→ **Exercise aim**
Omit all pictures. Copy exactly the lines from the line containing "Fabriquée en tissu" to the end of the listing, with both ends included.

→ **Given data**
>>>>

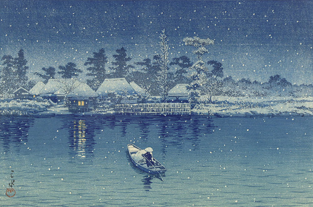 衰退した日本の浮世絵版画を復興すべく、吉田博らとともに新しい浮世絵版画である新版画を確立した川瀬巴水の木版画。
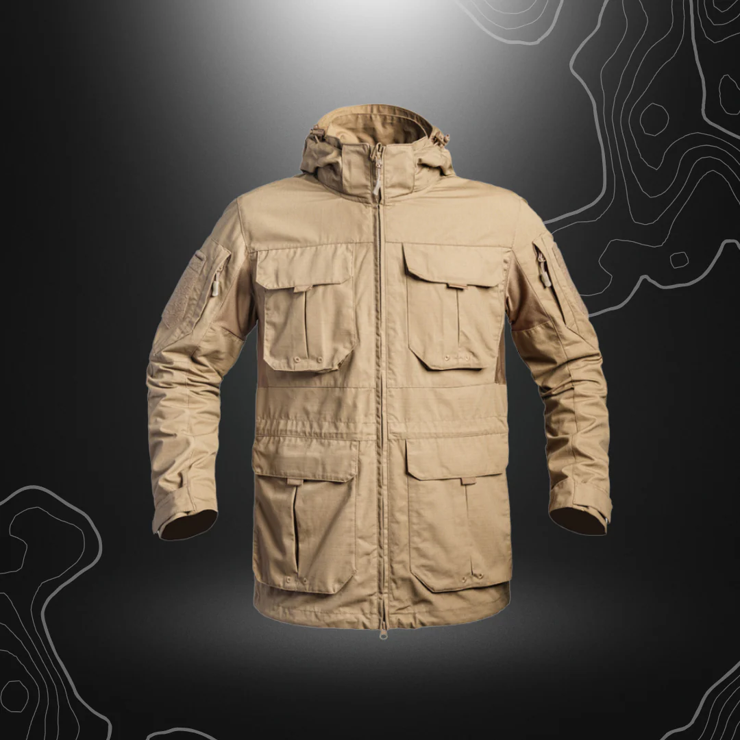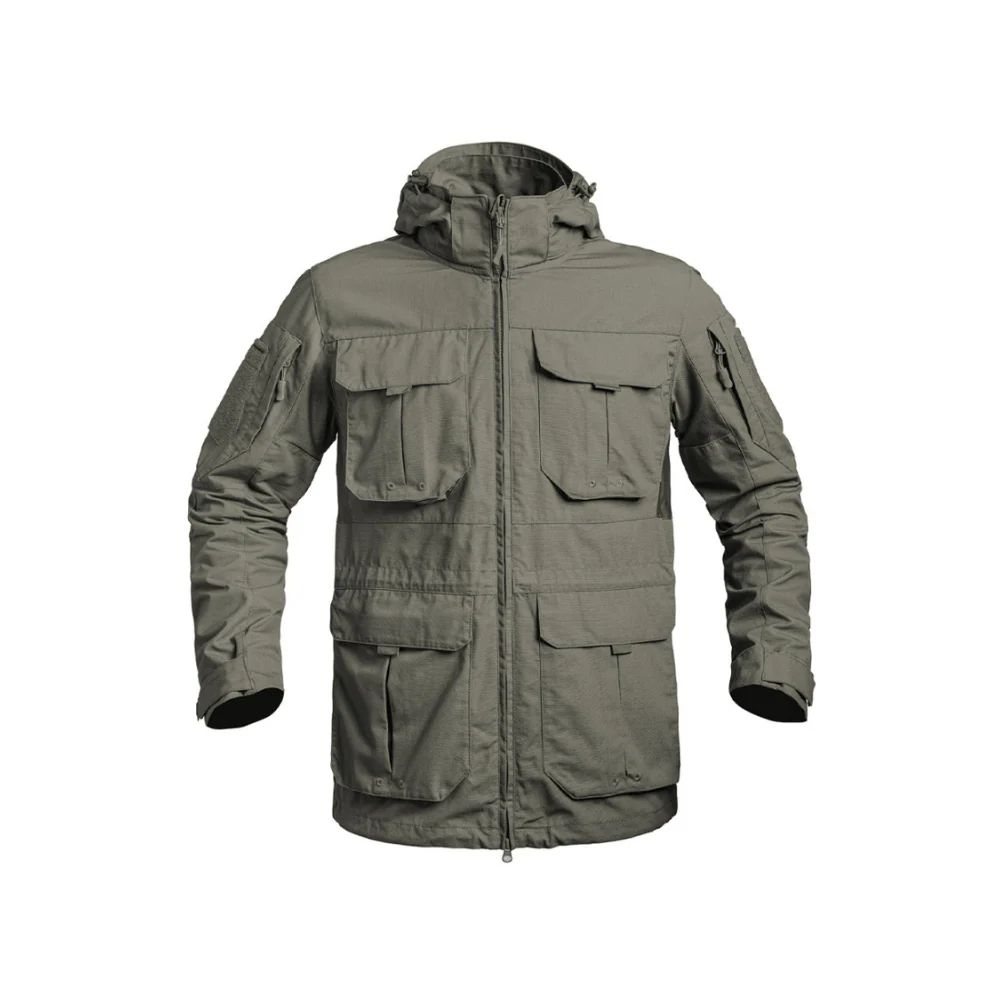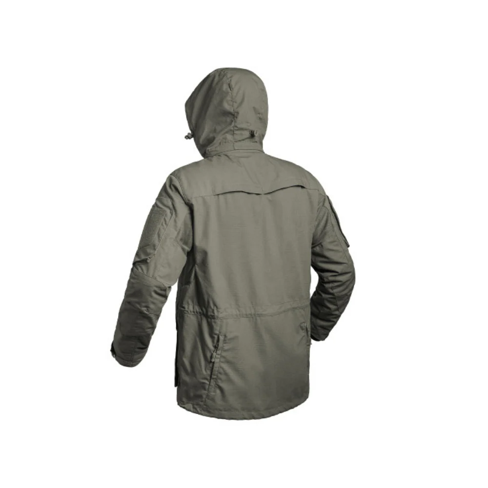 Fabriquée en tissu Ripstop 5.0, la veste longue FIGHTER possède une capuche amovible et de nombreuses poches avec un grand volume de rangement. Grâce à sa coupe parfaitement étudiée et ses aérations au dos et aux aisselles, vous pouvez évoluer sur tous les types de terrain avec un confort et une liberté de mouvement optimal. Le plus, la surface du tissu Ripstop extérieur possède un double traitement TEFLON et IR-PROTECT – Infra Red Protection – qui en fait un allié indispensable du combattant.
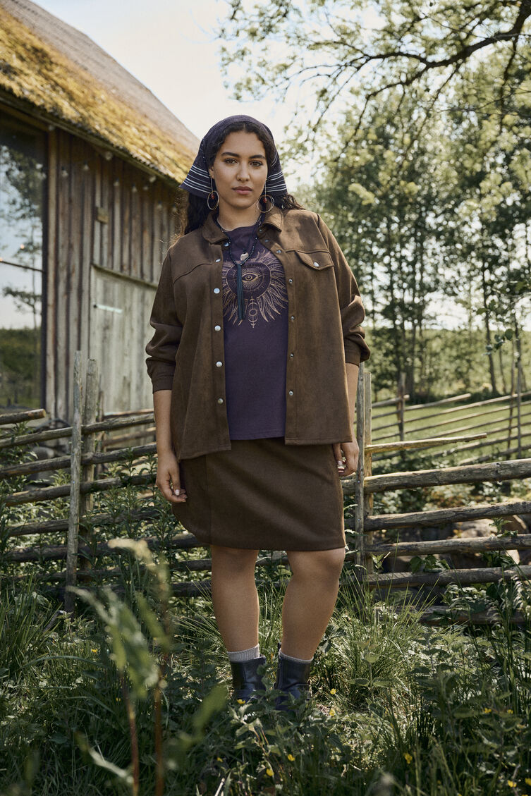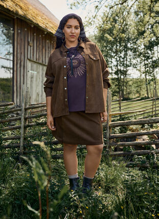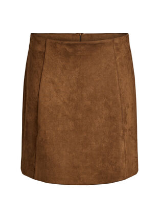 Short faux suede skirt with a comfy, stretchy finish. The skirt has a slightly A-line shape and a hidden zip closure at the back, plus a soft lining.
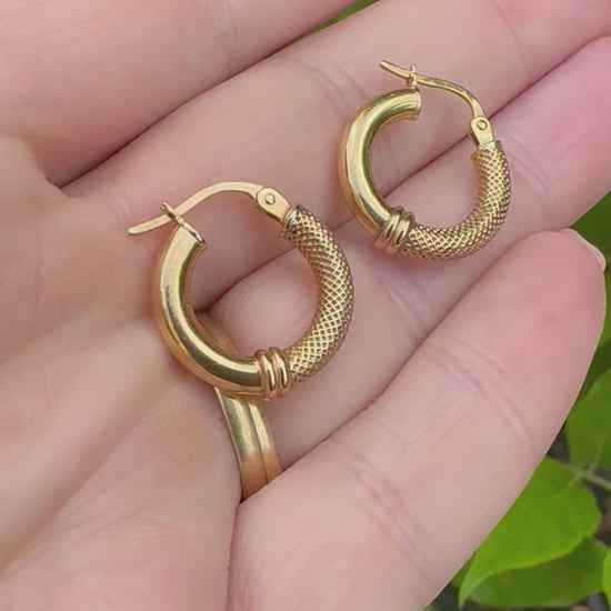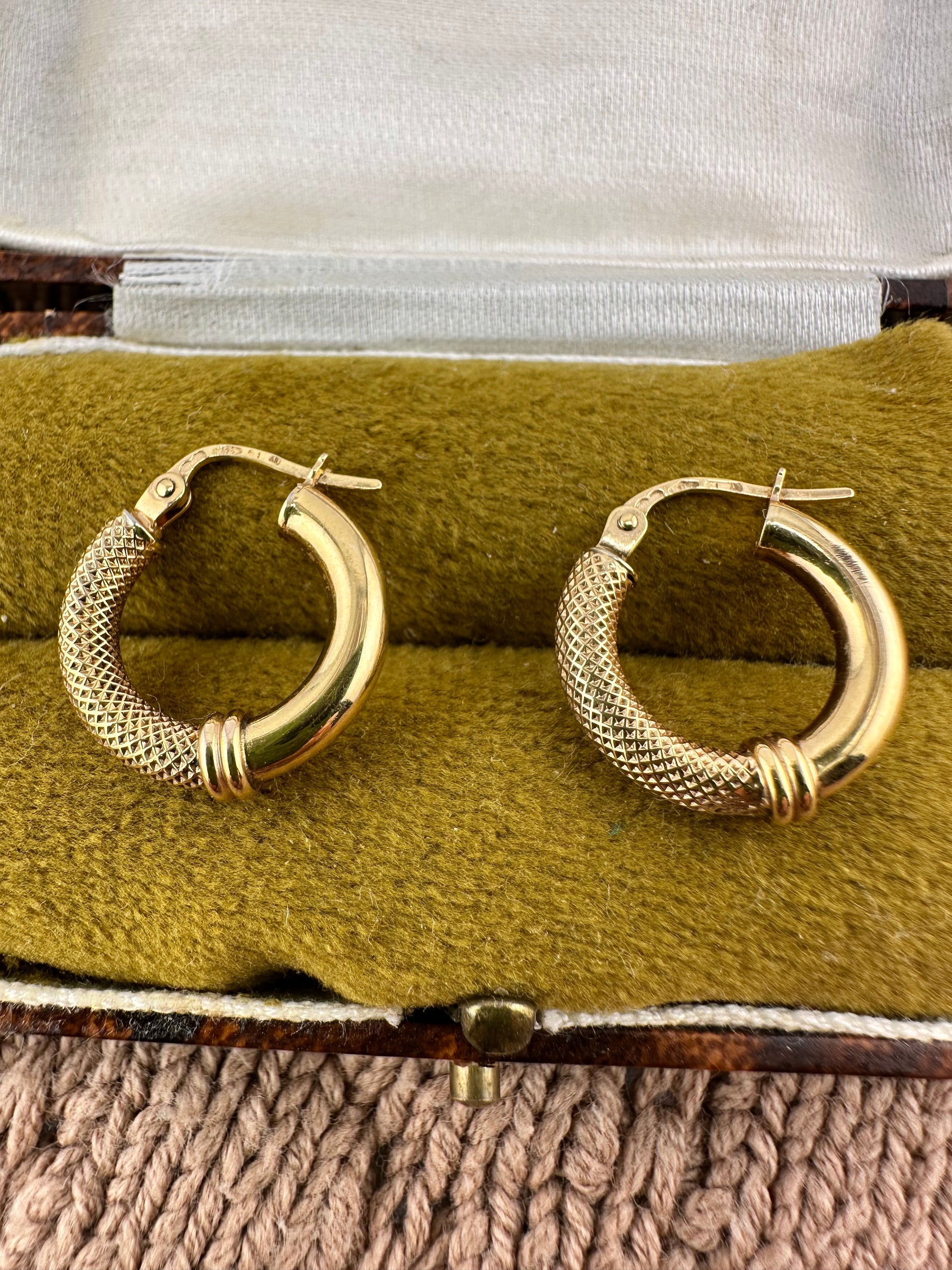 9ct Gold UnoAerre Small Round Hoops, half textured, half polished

<<<<

→ **Answer to the problem**
 Fabriquée en tissu Ripstop 5.0, la veste longue FIGHTER possède une capuche amovible et de nombreuses poches avec un grand volume de rangement. Grâce à sa coupe parfaitement étudiée et ses aérations au dos et aux aisselles, vous pouvez évoluer sur tous les types de terrain avec un confort et une liberté de mouvement optimal. Le plus, la surface du tissu Ripstop extérieur possède un double traitement TEFLON et IR-PROTECT – Infra Red Protection – qui en fait un allié indispensable du combattant.
 Short faux suede skirt with a comfy, stretchy finish. The skirt has a slightly A-line shape and a hidden zip closure at the back, plus a soft lining.
 9ct Gold UnoAerre Small Round Hoops, half textured, half polished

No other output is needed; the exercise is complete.